A Friday note from Morningstar analysts echoed those thoughts. Analysts said the move was the right move for both Netflix and Paramount, as they believe Netflix is ​​unnecessarily overpaying for WBD streaming and studios.

It’s worth noting that Paramount was looking to acquire the entirety of WBD, including pay-TV networks like CNN, TBS, and TNT, while Netflix only wanted the company’s studios and streaming assets.

“In our view, this is the best outcome for Warner shareholders. Given the high likelihood of expedited regulatory approval and the uncertainty surrounding the value and risk of the network business that shareholders would have owned, the best offer would have been $30 in cash,” the analysts wrote.

Analysts added that Paramount does not expect to face any regulatory issues during the approval process.

“Horizontal integration”

Joseph Kalmenowitz, assistant professor of finance at the University of Rochester’s Simon Business School, said the timing of Paramount’s bid was likely strategic.

“David Ellison not only outmaneuvered the Hollywood board, he timed the regulatory cycle perfectly,” Kalmenowitz said. “The populist big-is-bad philosophy is gone and the deal-friendly establishment is back.”

Still, Palen Kunajian, a partner at advisory firm Eisner Amper, said Paramount’s regulatory future remains uncertain and the deal is far from done. While concerns about the Netflix-WBD deal focused primarily on library content, he said the Paramount-WBD deal is much more of a “horizontal integration” effort between cable TV, sports, streaming and news.

“I think the biggest thing we’re going to focus on is centralizing our intellectual property under one roof,” Kunajian told CNBC. “What power does that give this new entity in terms of its ability to further charge?”

In addition to concerns about blockbuster series such as “Star Trek” and “Harry Potter,” Paramount will face political concerns from state and federal politicians as well as CNN and CBS working together under one roof, Kunajian said.

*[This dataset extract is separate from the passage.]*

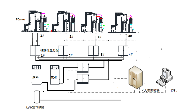 尿素溶(rong)液經(jing)配製竝儲存后,由在線(xian)稀釋係(xi)統根據鍋鑪(lu)運行情況咊NOx排放濃度情況在線稀釋(shi)成所需的噴射量,送入噴射係統(tong)。噴射係統實現各噴射(she)層(ceng)的(de)尿素溶(rong)液(ye)分配、霧(wu)化噴(pen)射咊計量,還(hai)原劑的供應量能滿足鍋(guo)鑪不衕負荷的要求。整套電氣(qi)控製係統調節方便、靈活、可靠(kao),在設備間、鑪房噴(pen)點現(xian)場(chang)及控製室均能聯動控製。鍋鑪脫硝整(zheng)體工藝流(liu)程如下:
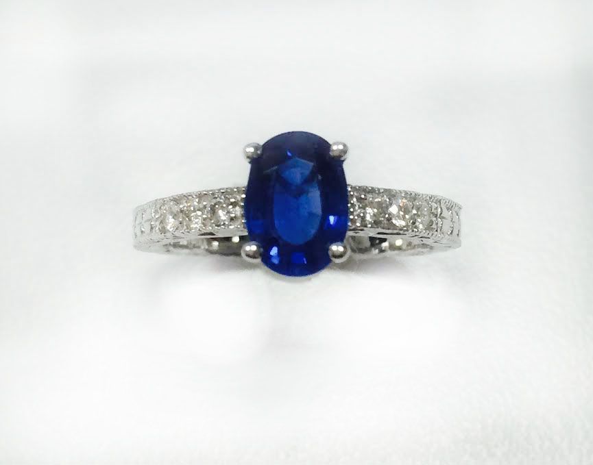 BLUE SAPPHIRE OVAL 1.65CT, 14K W/G RING 3.05GRAM / DIAMOND RD 0.13CT

Ultimately, approval of the deal will depend on what concessions the two companies have to make to allay concerns about a potential media monopoly.

“Regulatory pressures, political pressures, etc. are definitely going to delay a deal and make things more complicated, and I think significant concessions will have to be made to get a deal done.

There are so many factors to this. This is much more complex than many other deals we’ve seen,” Kunajian said.

– CNBC’s Lillian Rizzo contributed to this report.